#### Exercise objective
Please copy exactly the part of the records below that opens with the line containing "3月21日,張藝謀新片《滿城盡帶黃金甲》在北京舉行第二次新聞發布會,專門安排上周進組的周杰倫與記者見面。 (中新社發 韓藝冰" and closes with the line containing "2月12日,自如在其官方微博", leaving out any pictures.

#### Information given
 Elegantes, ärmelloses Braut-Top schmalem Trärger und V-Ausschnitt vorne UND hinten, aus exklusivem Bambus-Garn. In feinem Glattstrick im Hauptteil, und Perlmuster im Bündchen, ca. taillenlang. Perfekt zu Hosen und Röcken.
--
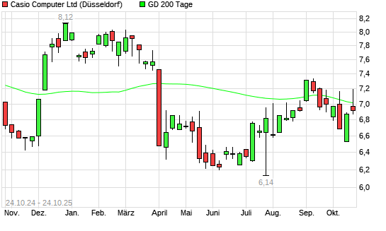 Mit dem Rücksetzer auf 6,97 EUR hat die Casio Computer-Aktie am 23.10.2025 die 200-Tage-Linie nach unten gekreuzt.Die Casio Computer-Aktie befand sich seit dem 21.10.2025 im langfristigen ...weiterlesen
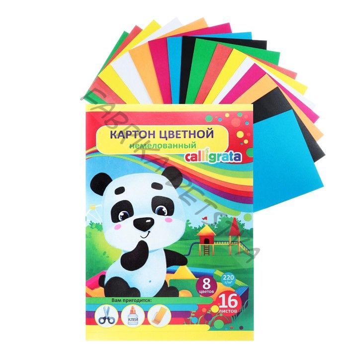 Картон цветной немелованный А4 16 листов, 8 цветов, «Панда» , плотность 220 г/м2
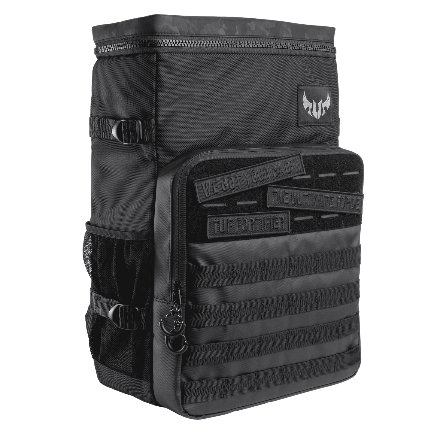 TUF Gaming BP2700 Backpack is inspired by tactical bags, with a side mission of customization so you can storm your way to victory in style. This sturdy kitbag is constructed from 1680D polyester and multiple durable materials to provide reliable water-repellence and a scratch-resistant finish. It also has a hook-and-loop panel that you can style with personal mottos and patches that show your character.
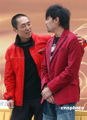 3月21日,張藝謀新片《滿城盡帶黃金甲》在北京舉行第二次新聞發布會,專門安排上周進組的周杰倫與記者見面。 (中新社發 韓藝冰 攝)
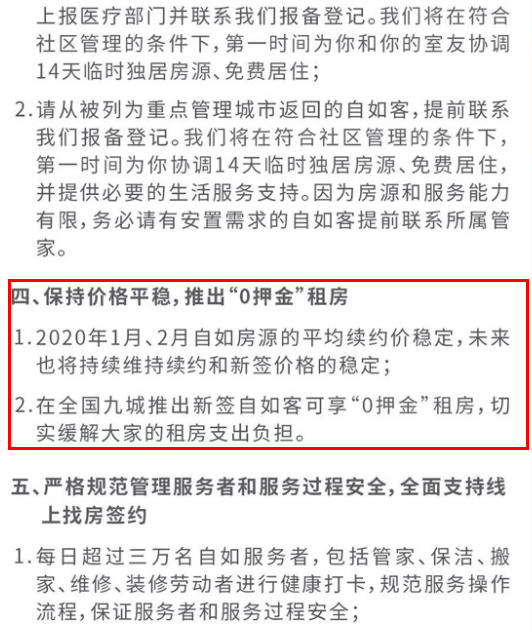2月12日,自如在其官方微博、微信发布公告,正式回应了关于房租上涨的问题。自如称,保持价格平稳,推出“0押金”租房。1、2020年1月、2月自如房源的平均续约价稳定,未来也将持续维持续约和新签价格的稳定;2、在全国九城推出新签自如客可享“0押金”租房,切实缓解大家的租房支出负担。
==
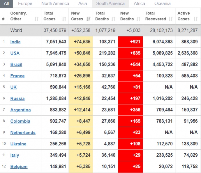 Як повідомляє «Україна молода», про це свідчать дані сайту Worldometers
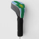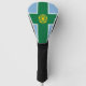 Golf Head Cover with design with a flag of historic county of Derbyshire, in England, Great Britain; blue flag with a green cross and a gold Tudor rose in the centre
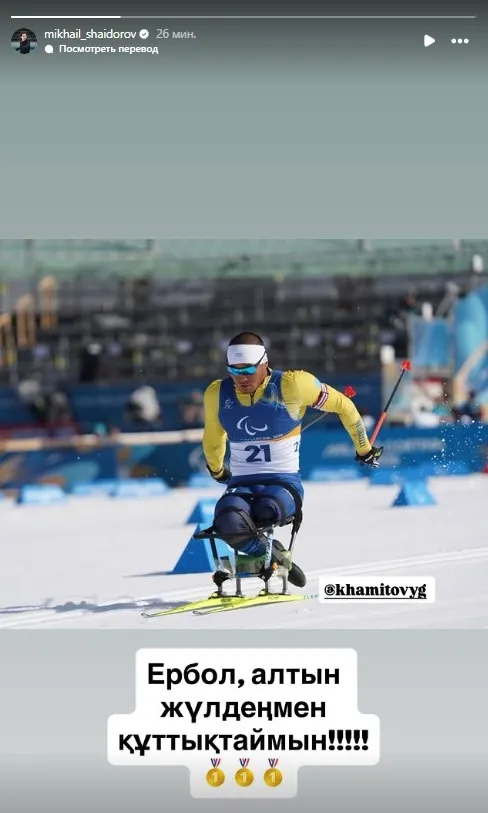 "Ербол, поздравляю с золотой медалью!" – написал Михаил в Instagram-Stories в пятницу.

#### Reply
 3月21日,張藝謀新片《滿城盡帶黃金甲》在北京舉行第二次新聞發布會,專門安排上周進組的周杰倫與記者見面。 (中新社發 韓藝冰 攝)
2月12日,自如在其官方微博、微信发布公告,正式回应了关于房租上涨的问题。自如称,保持价格平稳,推出“0押金”租房。1、2020年1月、2月自如房源的平均续约价稳定,未来也将持续维持续约和新签价格的稳定;2、在全国九城推出新签自如客可享“0押金”租房,切实缓解大家的租房支出负担。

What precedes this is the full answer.